Yeah the search feature on this forum is easily in the top 3 of the worst forums' search feature I have seen... Maybe use google or other search engine and add FreeNAS to your keywords.

Marcet said:
1) Can I switch ports without problem ? Will FreeNAS recognize the zpool event with mixed sata ports ?

Yes, the system don't care about that.

Marcet said:
2) If I buy a SATA controller to replace the marvel's. What would you recommend ?

Please read the hardware recommendation sticky (link is in my signature).

Marcet · Feb 10, 2016

Here's some updates...

I took a close look to the manual, using a magnifier as I passed 40 ;) And I was able to identify the ports.
All supposably faulty are connected to a Marvell controller. And moreover the same SE9230 4 ports.

I've found a link on ASRock Rack website pointing to a firmware update, but the link is dead :(

Marvell SE9230: 4 x SATA3 6.0 Gb/s, support RAID 0, 1, 10 (To update Marvell SE 9230 FW, please click here)

The most important is that, now I know. Thanks guys for that.

I'll continue to dig it, until I overcome this issue.
I'll keep you informed.

Marcet · Feb 10, 2016

@Bidule0hm By the way, I didn't notice... Que tu étais français ;)

Bidule0hm · Feb 10, 2016

Marcet said:
All supposably faulty are connected to a Marvell controller. And moreover the same SE9230 4 ports.

Yeah... Marvell controllers are like Realtek NICs: crap.

Marcet said:
I didn't notice... Que tu étais français

Yep :)

ChriZ · Feb 10, 2016

Cool... Seems like you found the root of the cause.
Perhaps the controller was causing some kind of timeouts, hence the errors.
And the thing to really consider about here, is that maybe it would not have happened if the system was not under heavy load. You were going to have a system that was perhaps not safe for your data and you wouldn't even know about it, until.....

Marcet · Feb 10, 2016

ChriZ said:
Cool... Seems like you found the root of the cause.

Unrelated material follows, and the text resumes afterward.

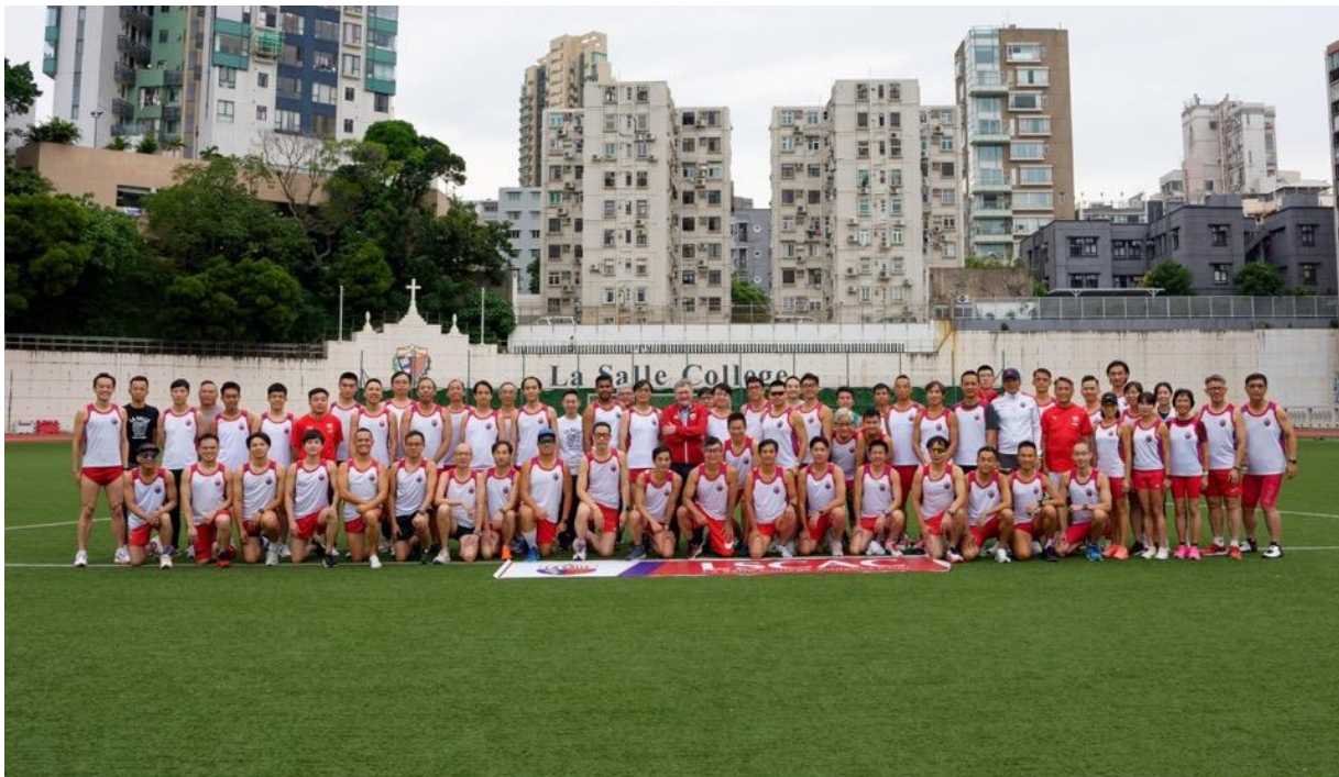
2023 年 10 月 21 日 La Salle College Athletics Club 誓師大會

Yes, you were right about it. Thanks to point it out.

Perhaps the controller was causing some kind of timeouts, hence the errors.

Right.

And the thing to really consider about here, is that maybe it would not have happened if the system was not under heavy load.

Probably.

You were going to have a system that was perhaps not safe for your data and you wouldn't even know about it, until.....

Overall, I do not think my data are in any danger. At least I strongly hope.
I will have to keep an eye on those disks but I think I can manage.
The misconduct of the Marvell controller seems only regarding the SMART data reading.

Now I'm seeing three potential solutions :

1) I find a firmware update for the motherboard Marvell controller.
2) Some software update of FreeNAS would sometime solve the problem.
3) I find the right 4 SATA port PCI-E card.

JDCynical · Feb 10, 2016

Marcet said:
I've found a link on ASRock Rack website pointing to a firmware update, but the link is dead :(

Behold the power of the Internet! ;)

Marvell 9230 FW update Procedure
https://web.archive.org/web/20150927015706/ (which is a cached copy of http://www.asrockrack.com/support/ipmi.asp)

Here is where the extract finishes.